From: istong (istong@stong.org)
Date: Sun Oct 14 2007 - 05:51:59 ART
Bottom line in my opinion - Cisco needs to add more equipment/locations so
there is not such a backlog on available lab dates. People should be able to
take the lab to gain experience with it if they want to. Not to mention the
hands on lab is hard enough without having to stress about finding an
available date.
Plus at $1400 per exam it would be great revenue for them.
Just my thoughts,
Ian
www.ccie4u.com
-----Original Message-----
From: nobody@groupstudy.com [mailto:nobody@groupstudy.com] On Behalf Of nrf
Sent: Sunday, October 14, 2007 2:32 AM
To: Guyler, Rik; 'Gary Duncanson'
Cc: Scott Morris; ccielab@groupstudy.com; Darby Weaver; Usankin, Andrew;
Rahmlow, Howard F.; sheherezada@gmail.com; Burkett, Michael; Brad Ellis;
cheffner@certified-labs.com; Brian Dennis; security@groupstudy.com;
comserv@groupstudy.com; Eric Dobyns
Subject: Re: CCIE Lab Price Increase
----- Original Message -----
From: "Guyler, Rik" <rguyler@shp-dayton.org>
To: "'Gary Duncanson'" <gary.duncanson@googlemail.com>; "nrf"
<noglikirf@hotmail.com>
Cc: "Scott Morris" <smorris@ipexpert.com>; <ccielab@groupstudy.com>; "Darby
Weaver" <darbyweaver@yahoo.com>; "Usankin, Andrew"
<Andrew.Usankin@twtelecom.com>; "Rahmlow, Howard F."
<Howard.F.Rahmlow@unisys.com>; <sheherezada@gmail.com>; "Burkett, Michael"
<Michael.Burkett@c-a-m.com>; "Brad Ellis" <brad@ccbootcamp.com>;
<cheffner@certified-labs.com>; "Brian Dennis"
<bdennis@internetworkexpert.com>; <security@groupstudy.com>;
<comserv@groupstudy.com>; "Eric Dobyns" <eric_dobyns@yahoo.com>
Sent: Friday, October 12, 2007 12:26 PM
Subject: RE: CCIE Lab Price Increase
> Great story Gary and describes very closely what I went through during my
> first two attempts. In fact, I told my employer (who paid for both labs)
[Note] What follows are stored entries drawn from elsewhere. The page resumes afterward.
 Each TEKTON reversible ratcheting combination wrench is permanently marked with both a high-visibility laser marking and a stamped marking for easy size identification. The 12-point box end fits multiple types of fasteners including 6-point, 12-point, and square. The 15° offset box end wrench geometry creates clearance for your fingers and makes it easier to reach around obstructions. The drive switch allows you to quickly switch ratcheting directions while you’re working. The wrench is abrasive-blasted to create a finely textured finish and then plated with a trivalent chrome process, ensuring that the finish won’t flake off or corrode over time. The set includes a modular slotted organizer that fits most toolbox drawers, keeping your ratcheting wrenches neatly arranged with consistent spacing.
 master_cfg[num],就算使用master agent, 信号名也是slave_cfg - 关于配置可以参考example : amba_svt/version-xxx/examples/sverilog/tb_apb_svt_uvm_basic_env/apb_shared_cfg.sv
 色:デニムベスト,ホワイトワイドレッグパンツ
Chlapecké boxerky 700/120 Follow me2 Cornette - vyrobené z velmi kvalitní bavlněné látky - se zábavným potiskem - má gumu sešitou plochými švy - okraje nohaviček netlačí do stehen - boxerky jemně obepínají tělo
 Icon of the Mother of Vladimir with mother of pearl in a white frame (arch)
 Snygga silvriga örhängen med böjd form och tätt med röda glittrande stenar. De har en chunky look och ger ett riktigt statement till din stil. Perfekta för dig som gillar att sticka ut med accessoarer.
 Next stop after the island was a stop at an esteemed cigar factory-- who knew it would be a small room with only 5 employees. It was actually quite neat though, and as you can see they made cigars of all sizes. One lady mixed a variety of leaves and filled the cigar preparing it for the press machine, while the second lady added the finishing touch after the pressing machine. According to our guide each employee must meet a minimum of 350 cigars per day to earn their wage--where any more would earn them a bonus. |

> that I wasn't ready for my first one and wanted to reschedule and my boss
> told me to just go take it for the experience. Let he who is without sin
> cast the first stone. Let he who is without lab experience STFU about how
> we should change the way we do lab business.
See, this is precisely what I'm talking about. You guys were taking away
spots from others.
Now, I can agree that if there are extra spots that nobody was using anyway,
then sure, by all means, use the seat for experience or for practice. Fine.
But, come on, if somebody else is out there who actually wanted to use it to
make a bonafide attempt at passing the exam, why shouldn't that seat go to
him? Why should you get it? He can't get the seat because some other
people just want to use that seat for practice? Is that fair?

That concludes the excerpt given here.